— TASK INPUT —
* * * * * * *

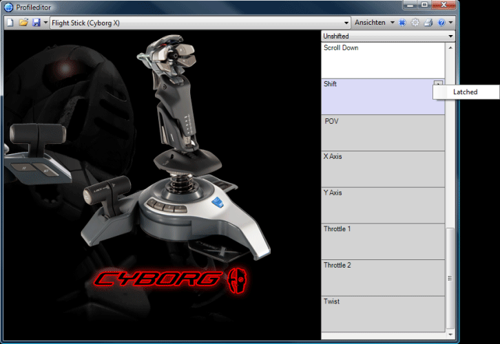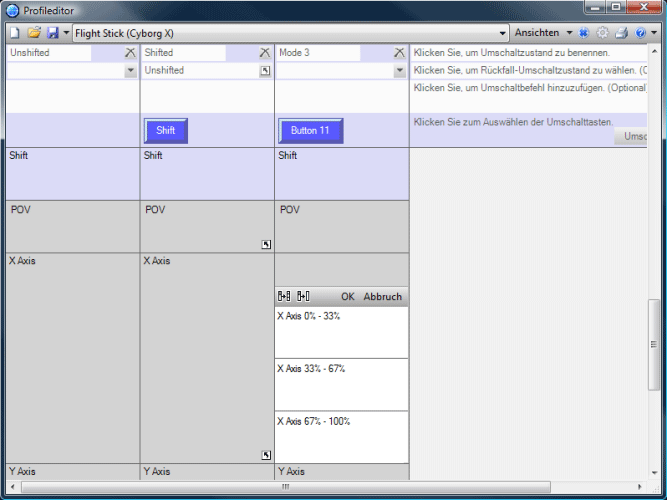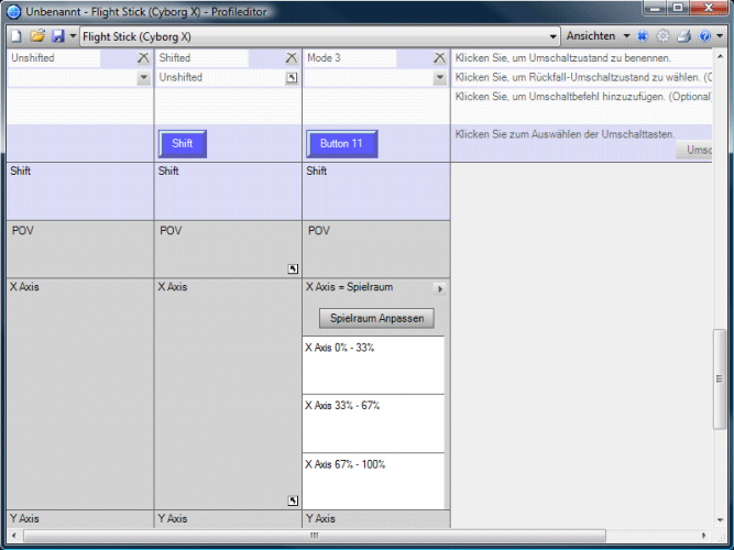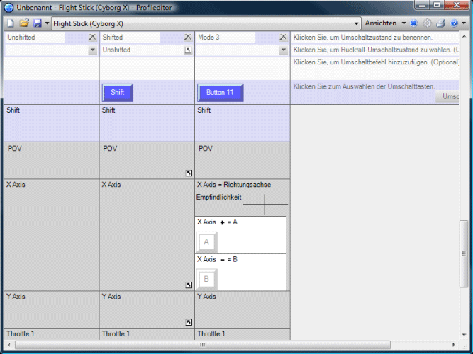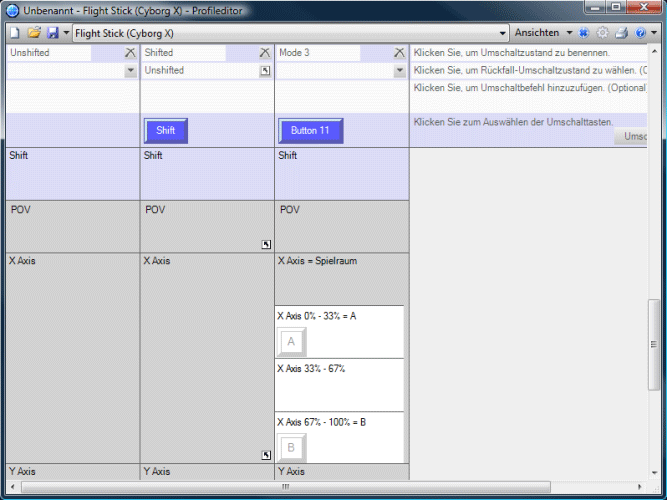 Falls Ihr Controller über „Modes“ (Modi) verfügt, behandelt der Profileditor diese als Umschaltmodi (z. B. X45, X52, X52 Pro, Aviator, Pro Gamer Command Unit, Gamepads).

* * * * * * *

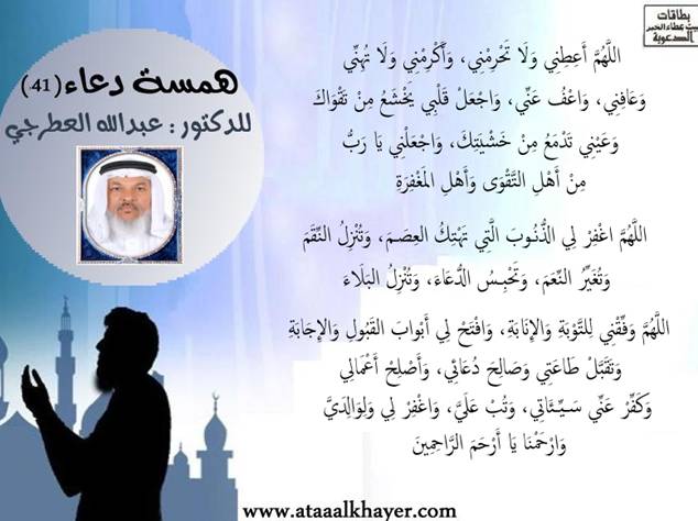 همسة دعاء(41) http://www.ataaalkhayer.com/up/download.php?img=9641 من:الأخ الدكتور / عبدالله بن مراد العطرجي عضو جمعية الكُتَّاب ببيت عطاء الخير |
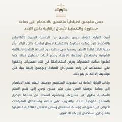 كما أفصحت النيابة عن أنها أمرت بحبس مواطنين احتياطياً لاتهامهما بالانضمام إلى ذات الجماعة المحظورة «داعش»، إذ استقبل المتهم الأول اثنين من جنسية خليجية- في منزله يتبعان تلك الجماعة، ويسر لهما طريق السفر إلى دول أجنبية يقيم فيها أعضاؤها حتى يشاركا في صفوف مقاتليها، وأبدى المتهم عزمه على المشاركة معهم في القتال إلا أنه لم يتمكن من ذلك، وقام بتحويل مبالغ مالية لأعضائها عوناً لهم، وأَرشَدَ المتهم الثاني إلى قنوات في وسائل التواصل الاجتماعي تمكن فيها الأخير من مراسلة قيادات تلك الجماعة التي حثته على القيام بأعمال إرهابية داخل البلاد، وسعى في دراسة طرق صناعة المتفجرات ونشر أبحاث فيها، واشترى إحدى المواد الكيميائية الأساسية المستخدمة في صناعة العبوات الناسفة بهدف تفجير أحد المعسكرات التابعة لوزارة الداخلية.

* * * * * * *

Restate word for word the lines of the data above that begin at the line with "عطاء الخير |" and end at the line with "كما أفصحت النيابة", keeping both ends and dropping every picture.

— RESULT BELOW —
 همسة دعاء(41) http://www.ataaalkhayer.com/up/download.php?img=9641 من:الأخ الدكتور / عبدالله بن مراد العطرجي عضو جمعية الكُتَّاب ببيت عطاء الخير |
 كما أفصحت النيابة عن أنها أمرت بحبس مواطنين احتياطياً لاتهامهما بالانضمام إلى ذات الجماعة المحظورة «داعش»، إذ استقبل المتهم الأول اثنين من جنسية خليجية- في منزله يتبعان تلك الجماعة، ويسر لهما طريق السفر إلى دول أجنبية يقيم فيها أعضاؤها حتى يشاركا في صفوف مقاتليها، وأبدى المتهم عزمه على المشاركة معهم في القتال إلا أنه لم يتمكن من ذلك، وقام بتحويل مبالغ مالية لأعضائها عوناً لهم، وأَرشَدَ المتهم الثاني إلى قنوات في وسائل التواصل الاجتماعي تمكن فيها الأخير من مراسلة قيادات تلك الجماعة التي حثته على القيام بأعمال إرهابية داخل البلاد، وسعى في دراسة طرق صناعة المتفجرات ونشر أبحاث فيها، واشترى إحدى المواد الكيميائية الأساسية المستخدمة في صناعة العبوات الناسفة بهدف تفجير أحد المعسكرات التابعة لوزارة الداخلية.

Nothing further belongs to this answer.